We moved outside to two apple trees.  During this past summer, Kevin & I had relaxed under the shade of the trees eating Little Baby's ice cream cones at the annual Bee Festival.  It was nice to revisit the same trees during their dormancy.  A Bartram's staff member shared that the trees hadn't received much pruning in recent years.  Our instructor began offering us ways to look at the tree as it was and the tree as it could be.  He invited us to imagine how the sun would reach the tree and what branches might be shade-bound.  We began to consider how the tree would hold the fruit, bear weight, and weather storms.  We envisioned squirrel paths as a means to consider wise pruning.  Finally, our instructor reminded us that we could create a truly climb-able tree for children.  Yay!  I love creating space for people to fall in love with trees, plants, and earth.  I think we're all more apt to be more careful stewards if we have memories and love for living things.

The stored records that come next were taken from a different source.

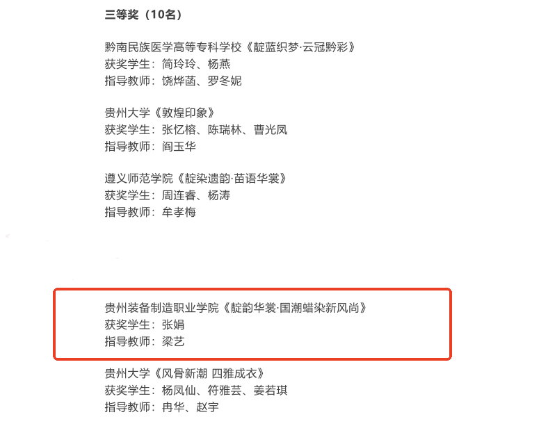 在“赤子之声·青春共鸣”全省大中小学联唱快闪大赛中,由孙文、令狐江波、梁峥颖三位老师共同指导的快闪作品《祖国不会忘记》荣获二等奖;在“多彩创意·潮赋新生”全省大学生文化创新设计大赛之国潮服饰系列赛中,由梁艺老师指导、张娟同学创作的作品《靛韵华裳·国潮蜡染新风尚》荣获三等奖。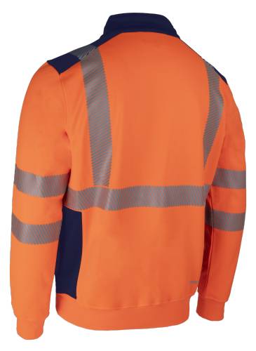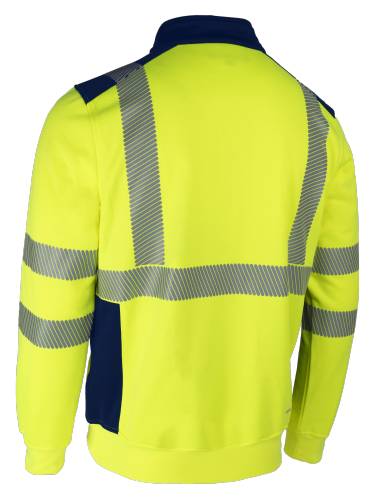 Sweat haute visibilité maille grattée envers molleton 75% polyester, 25% coton - 300g/m², bord-côte 95% polyester, 5% élasthanne. Bandes rétro-réfléchissantes segmentées microbilles 5cm, 2 épaules, 1 ceinture, 2 brassards/manche. Col montant zippé, ceinture et poignets bord-côtes, renforts empiècements contrastés col, épaules, côtés et poignets. 1/2 zip pour faciliter l'enfilage.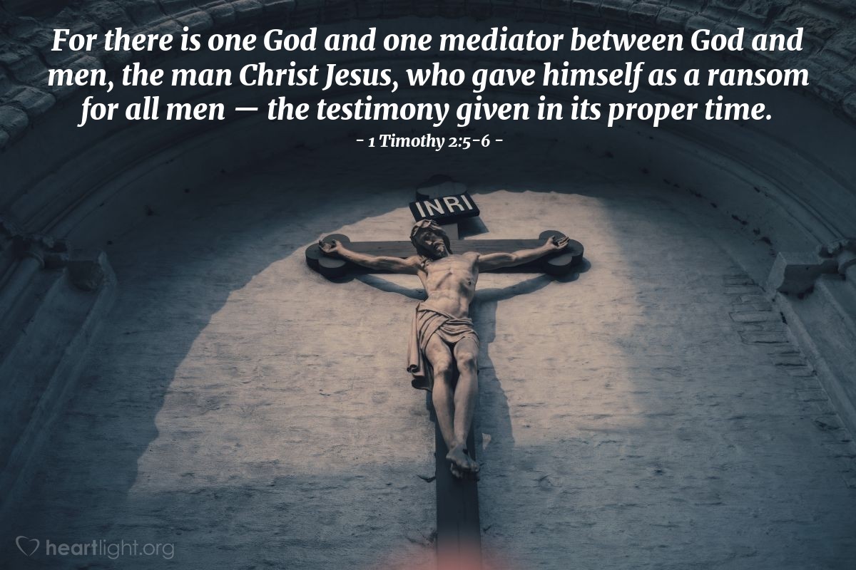 Perché c'è un Dio e un mediatore tra Dio e gli uomini, l'uomo Cristo Gesù, che si è dato come riscatto per tutti gli uomini - la testimonianza data a suo tempo. —1 Timoteo 2:5-6
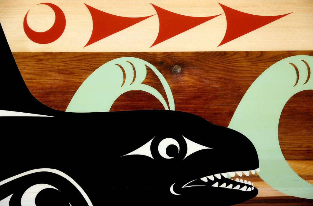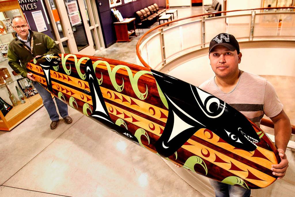“This is special,” said acclaimed Tulalip Tribes artist James Madison, who painted the board with Coast Salish images of orcas and waves of seafoam green.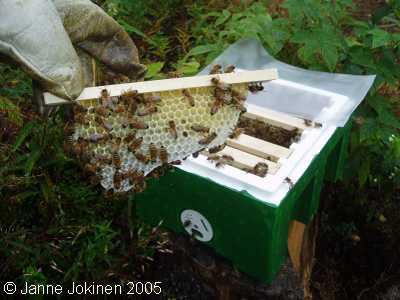 ![]() Hyvänä satokesänä pesät täyttyivät osin tukkeutumiseen saakka medestä, mikä johti parveiluintoon ja kuvan emokennojen rakenteluun. ![]() Pesän kasvattama ja vapaasti pariutunut emo siepattuna kakulta emon kiinniottopiipulta. Kokeilin tällaisen piipun käyttöä, koska vieläkin arastelin mehiläisten käsittelyä paljain käsin - osin tämä tosin oli tietoista pistosten ja mahdollisen allergisoitumisen välttämistä. Kesällä 2005 piikkejä tuli kylläkin niin paljon, että loppukesästä ne eivät enää juurikaan haitanneet... |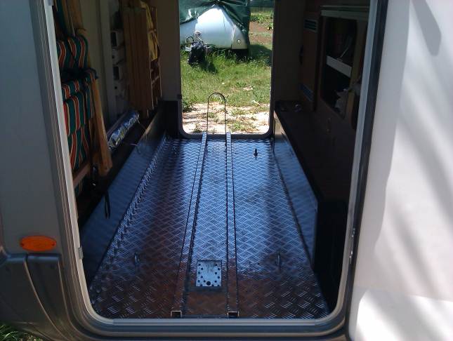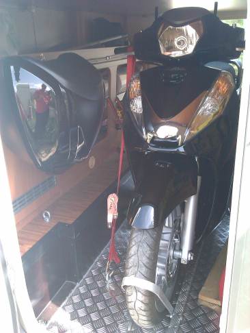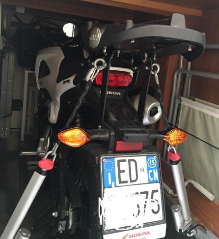 Per il caricamento ho organizzato una rampa in alluminio, che si ripone nello spazio fra lo scooter e la coda del camper.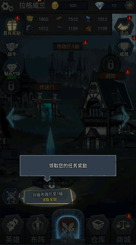 7、现在,就可以在主城点击高亮处获得任务奖励了。

During the course of the day we learned how to separate soft branches of young trees to create L-shaped angles that are stronger than V-shaped "crotch" junctures.  Our eyes became accustomed to seeing the tree as it was, bare under the winter sun, and as it would be throughout spring, summer, and fall.  Ultimately, we created an Old Tree Paste to provide a sunblock against sun-scald.  It was such a funny practice.  First, we exfoliated the bark.  Then, we used paint rollers on long poles to paint the tree, trunk to top branches.  As the tree took on a muted, clay cover we stepped away to admire our work.  The paste also works to deter rodents and deer, smother pest organisms, and reduce disease fungal organisms.

We're at the ideal annual moment to prune fruit-bearing trees.  Rooted Landscaping is available to offer healthy pruning for your trees or to train you to care for your trees yourself.  These actions have practical worth, but it's also so lovely to feed the creative inclination as we allow the healthiest tree to emerge.